§ Description of the task: Copy every record below exactly as written, but leave out the pictures.

§ Data records:
Start of Block
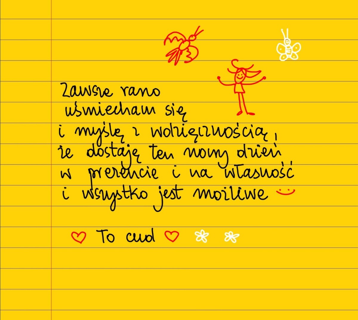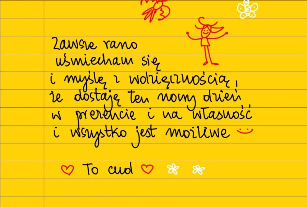 Żółte kartki Zawsze rano uśmiecham się środa, 18.08.2021 Zawsze rano uśmiecham się i myślę z wdzięcznością, że dostaję ten nowy dzień w prezencie i na własność i wszystko jest możliwe. To cud 😊❤ #żółtakartka Udostępnij na Facebooku
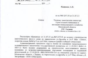 Очередное письмо замглавы администрации Химок Алексея Валова (если коротко - "застроим все, не сомневайтесь"):...
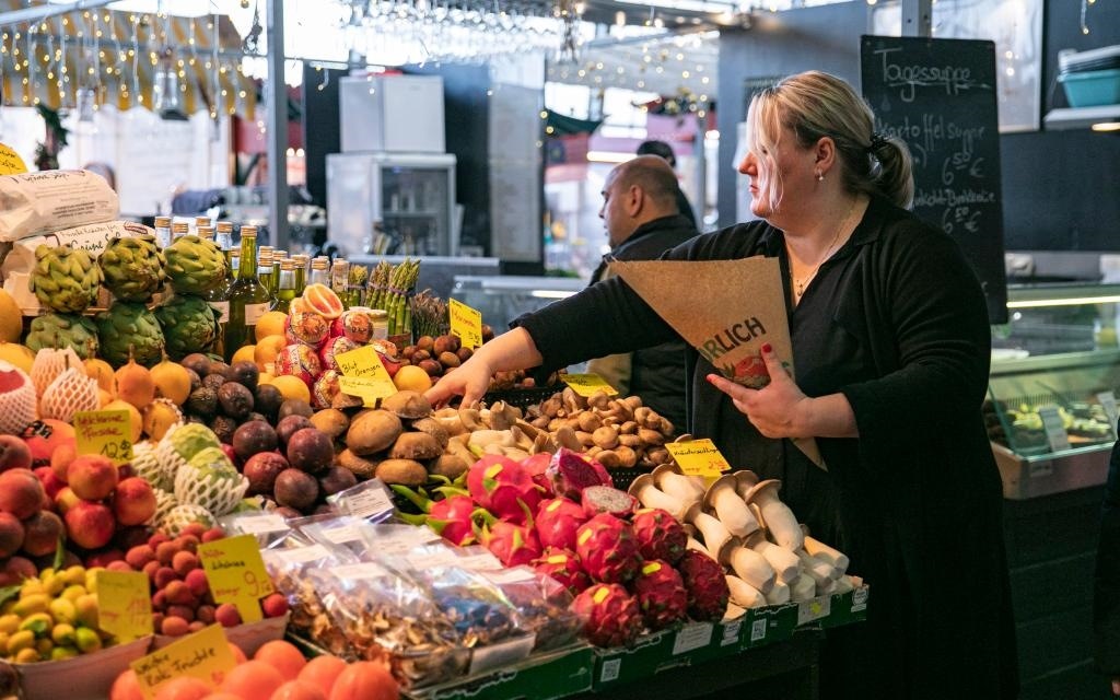 12月20日,在德國(guó)法蘭克?!靶∈袌?chǎng)大廳”,一名攤主為顧客挑選水果。新華社記者張帆攝
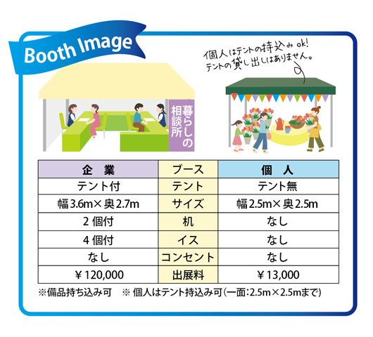企業・団体・自治体の皆さまは必ず企業ブースでお申込みください。個人ブースは法人(団体・自治体含む)以外の方のためのブースとなっています。
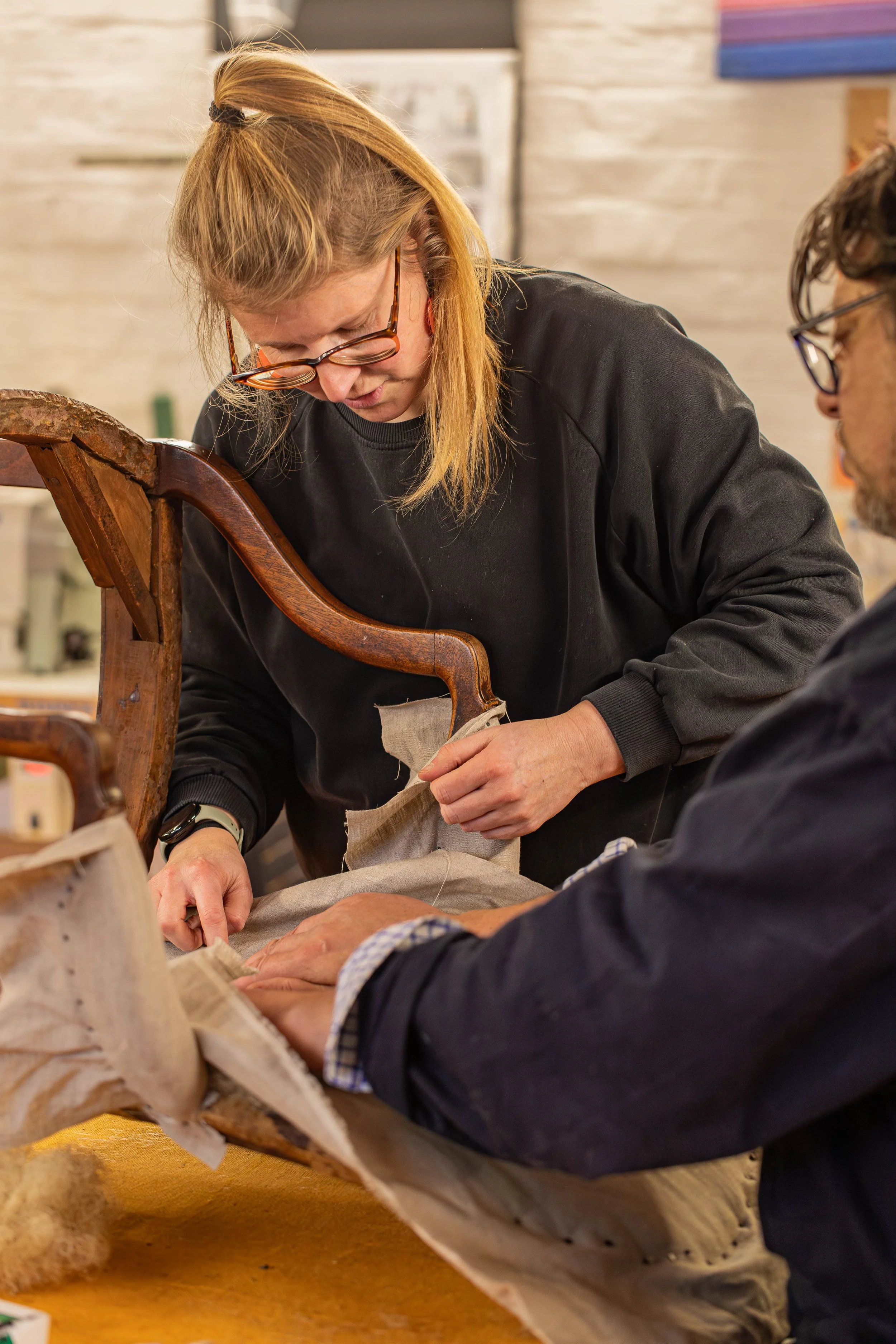Although now primarily focused on education, Gareth continues to take on a small number of select commissions, specialising in decorative arts from 1840 to 1950. Known for his clear and engaging teaching style, he adapts his approach to suit each individual, creating a relaxed yet informative learning environment. His depth of knowledge, combined with a genuine passion for sharing traditional skills, has made him a highly respected figure within the field of upholstery.
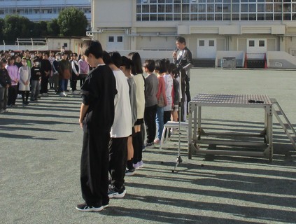 全校朝会(表彰 あいさつ運動 各クラスの目標発表)
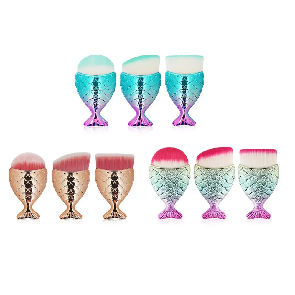 3 шт Профессиональная Кисть для макияжа в форме русалки, пудра, румяна, основа, косметика, рыбка, кисти, инструменты для макияжа, 3 цвета, кисти в форме рыбьего хвоста
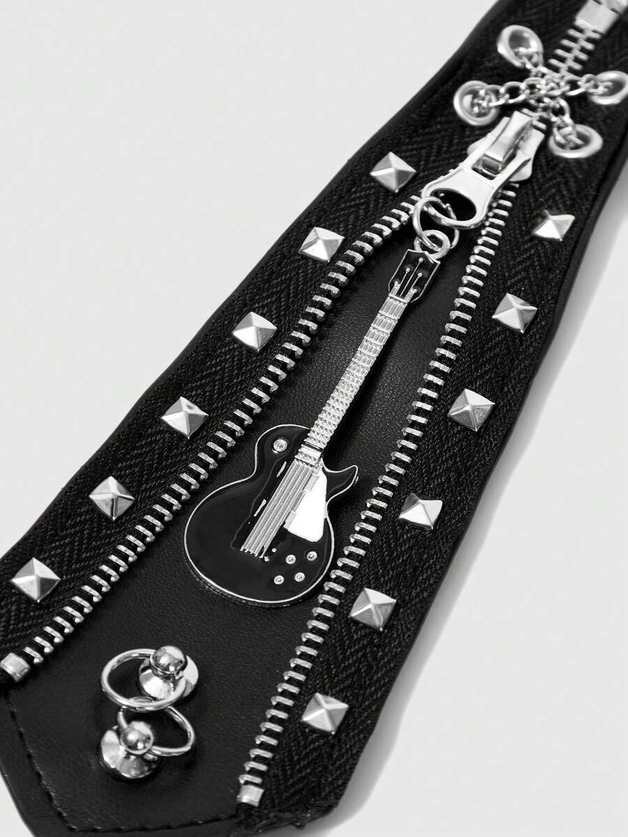 Grunge Punk Y2K Punk Stil Nieten-Reißverschluss Metall Totenkopf Unisex Krawatte, Gothic Dunkel Stil Accessoires, einzigartiger personalisierter Schmuck, Halloween
End of Block
§ Answer space:
 Żółte kartki Zawsze rano uśmiecham się środa, 18.08.2021 Zawsze rano uśmiecham się i myślę z wdzięcznością, że dostaję ten nowy dzień w prezencie i na własność i wszystko jest możliwe. To cud 😊❤ #żółtakartka Udostępnij na Facebooku
 Очередное письмо замглавы администрации Химок Алексея Валова (если коротко - "застроим все, не сомневайтесь"):...
 12月20日,在德國(guó)法蘭克?!靶∈袌?chǎng)大廳”,一名攤主為顧客挑選水果。新華社記者張帆攝
企業・団体・自治体の皆さまは必ず企業ブースでお申込みください。個人ブースは法人(団体・自治体含む)以外の方のためのブースとなっています。
Although now primarily focused on education, Gareth continues to take on a small number of select commissions, specialising in decorative arts from 1840 to 1950. Known for his clear and engaging teaching style, he adapts his approach to suit each individual, creating a relaxed yet informative learning environment. His depth of knowledge, combined with a genuine passion for sharing traditional skills, has made him a highly respected figure within the field of upholstery.
 全校朝会(表彰 あいさつ運動 各クラスの目標発表)
 3 шт Профессиональная Кисть для макияжа в форме русалки, пудра, румяна, основа, косметика, рыбка, кисти, инструменты для макияжа, 3 цвета, кисти в форме рыбьего хвоста
 Grunge Punk Y2K Punk Stil Nieten-Reißverschluss Metall Totenkopf Unisex Krawatte, Gothic Dunkel Stil Accessoires, einzigartiger personalisierter Schmuck, Halloween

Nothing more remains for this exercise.